As you probably know the US has been tracking the Kang Nam, a suspect North Korean ship, for some days now. If we take the UN resolution and Miss Rice by their words the ship would be subject to an inspection and the destruction of any prohibited cargo. That the crew on the North Korean vessel will tamely let the interception take place was not to be expected. According to Ambassador Rice this wouldn’t stop the process. Looks like Undersecretary of Defense Michele Flournoy didn’t get the memo – and by “memo” I mean the text of the UN resolution:

Ms. Flournoy said Friday that Washington has ruled out use of military force to inspect the North Korean freighter.

“The U.N. resolution lays out a regime that has a very clear set of steps,” Ms. Flournoy said, according to the Yonhap news agency. “I want to be very clear. … This is not a resolution that sponsors, that authorizes use of force for interdiction.”

Now we could quibble about the terms here: what does “use of force” mean? Apparently Madame Flournoy means military force. So the US won’t send the Navy to blow the Kang Nam into pieces, all right. But does this also mean that in the Age of Obama “mandatory inspections” are actually “inspections only if the North Koreans want to be inspected”? Because it’s looking awfully like this is the case. And if not even the US complies by those internationally agreed upon rules then who are we to expect to do better?

The big problem here is that should the US let the Kang Nam deliver its goods without any inspections, let alone confiscations, the Obama administration as well as the UN can talk and publish resolutions until they’re blue in the face, no one will ever take them serious again (let alone begin to take them serious). By not following through with the implementation of a UN (a UN!) resolution President “Words must mean something” Obama is anihilating any hopes that future negotiations with any – any! – rogue regime are going to be fruitful unless Obama (re)establishes some amount of authority through a very, very painful type of action – and I do mean action as in “military strike where it hurts”. The point is, even the Commander-in-Chief of the most powerful military in the world can threaten as much as he wants and keep his eyebrows drawn together until they cramp it won’t impress anyone if he doesn’t even have the stomach to search a ship in accordance with a UN regime.
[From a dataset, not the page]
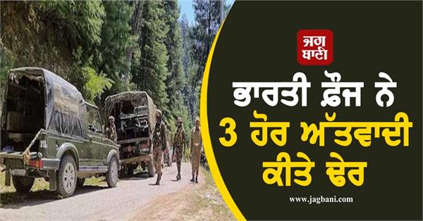 ਜਾਣਕਾਰੀ ਅਨੁਸਾਰ ਸੁਰੱਖਿਆ ਬਲਾਂ ਨੇ ਪਹਿਲਾਂ 1 ਅੱਤਵਾਦੀ ਅਹਿਮਦ ਕੁੱਟੇ ਨੂੰ ਢੇਰ ਕੀਤਾ ਸੀ, ਜੋ ਕਿ ਲਸ਼ਕਰ ਦਾ ਕਮਾਂਡਰ ਦੱਸਿਆ ਜਾ ਰਿਹਾ ਹੈ, ਜਦਕਿ ਇਸ ਮਗਰੋਂ ਮੁਕਾਬਲੇ 'ਚ ਉਸ ਦੇ 2 ਹੋਰ ਸਾਥੀਆਂ ਨੂੰ ਢੇਰ ਕਰ ਦਿੱਤਾ ਗਿਆ ਹੈ।

Obama may believe that forcing the Kang Nam to the next port for inspections would entail too many bad consequences. But he fails to see that not searching the ship has even worse ramifications. Autrement dit, Obama thinks he wards off the small problem but what he actually does is cue the big problem. A smart president would avoid putting himself into a situation that forces him to renew credibility through actions painful not only to his enemies but also to his own country.